Le 8 mai 1945, Henri Gibon, maire de Tréauville, a noté au crayon gras rouge sur son carnet agenda « Fin de la guerre ». Le lendemain à la fête de la Paix aux Pieux, en présence d’une délégation militaire américaine, il fit un speech en anglais, langue qu’il maîtrisait pour avoir vécu en Angleterre, pays d’origine de son épouse Marjorie. 5 ans et 8 mois plus tôt, le 1er septembre 1939, Henri Gibon avait noté au crayon noir « Déclaration de guerre contre l’Allemagne ».
Dès octobre 1939, un comité d’aide aux soldats mobilisés de la commune fut constitué. Ce comité distribua une première aide de 500 francs et décida d’affecter le produit de la quête de Noël faite chaque année chez les habitants pour les écoliers et écolières à des envois de colis pour les mobilisés.
Mobilisés en 1939, de gauche à droite, Louis Lefaix, Jean Branthonne et Jean Collas
Les Allemands occupèrent le presbytère dès le mois de juillet 1940. Le curé de Tréauville, l’abbé Frétel, ancien combattant de 14-18, avait des sentiments chargés d’acrimonie envers ses « locataires » non désirés. « Depuis le 23 juillet 1940 nous sommes pays occupé. A Tréauville, il y a Kommandantur, 120 hommes de troupe, officiers et soldats, et 180 chevaux : tous les prés pillés et les fenils entamés. Que deviendrons nous cet hiver, alors que nous sommes déjà réduits en bois et en charbon ? Comment chauffer tout ce monde-là ? La salle à manger du presbytère sert de mess aux officiers et sous-officiers et la cuisine est à leur disposition.

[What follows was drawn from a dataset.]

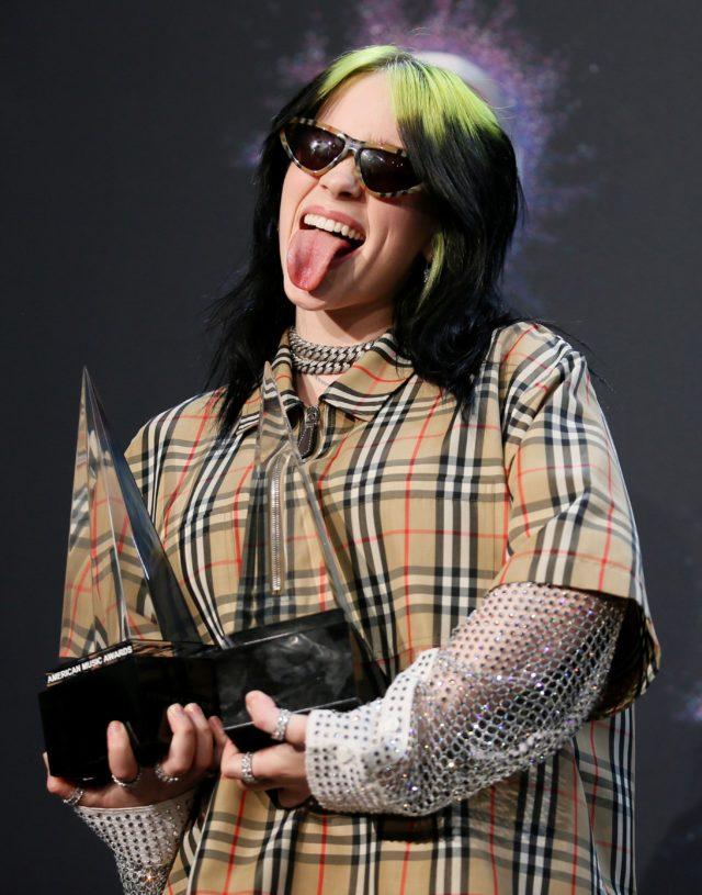 FILE PHOTO: Billie Eilish poses backstage with her awards for New Artist of the Year and Favorite Artist, Alternative Rock, at the.2019 American Music Awards, Los Angeles, California, U.S., November 24, 2019 – REUTERS/Danny Moloshok/File Photo

La chambre d’amis sert d’infirmerie et le jardin de lieu de promenade pour la troupe. Quand serons-nous délivrés et qui nous délivrera ? » Les soldats allemands occupaient aussi la grande maison de Mme Hébert dans le bourg, le manoir de Rade et beaucoup de fermes de la commune. Au Bois, André Sorel, raconte que les Allemands ayant quitté précipitamment les lieux en 1944 avait laissé un grand portrait d’Hitler sur un mur de la pièce qui est aujourd’hui sa salle à manger.
Le couvre-feu fut institué à 20h00. Des tickets de rationnement furent mis en circulation pour le pain, la viande, le lait, les vêtements, les chaussures et le charbon. Des cartes alimentaires étaient distribuées à la mairie une fois par mois. Toutefois, comme dans la plupart des campagnes, les cultivateurs parvenaient à fournir des ressources alimentaires. Monsieur Letablier faisait tourner son moulin la nuit, au Moulin d'Arrondel, pour produire clandestinement de la farine. François Langlois, ancien boucher, pratiquait l'abattage clandestin chez lui ; il vendait la viande à des particuliers sans chercher à s'enrichir.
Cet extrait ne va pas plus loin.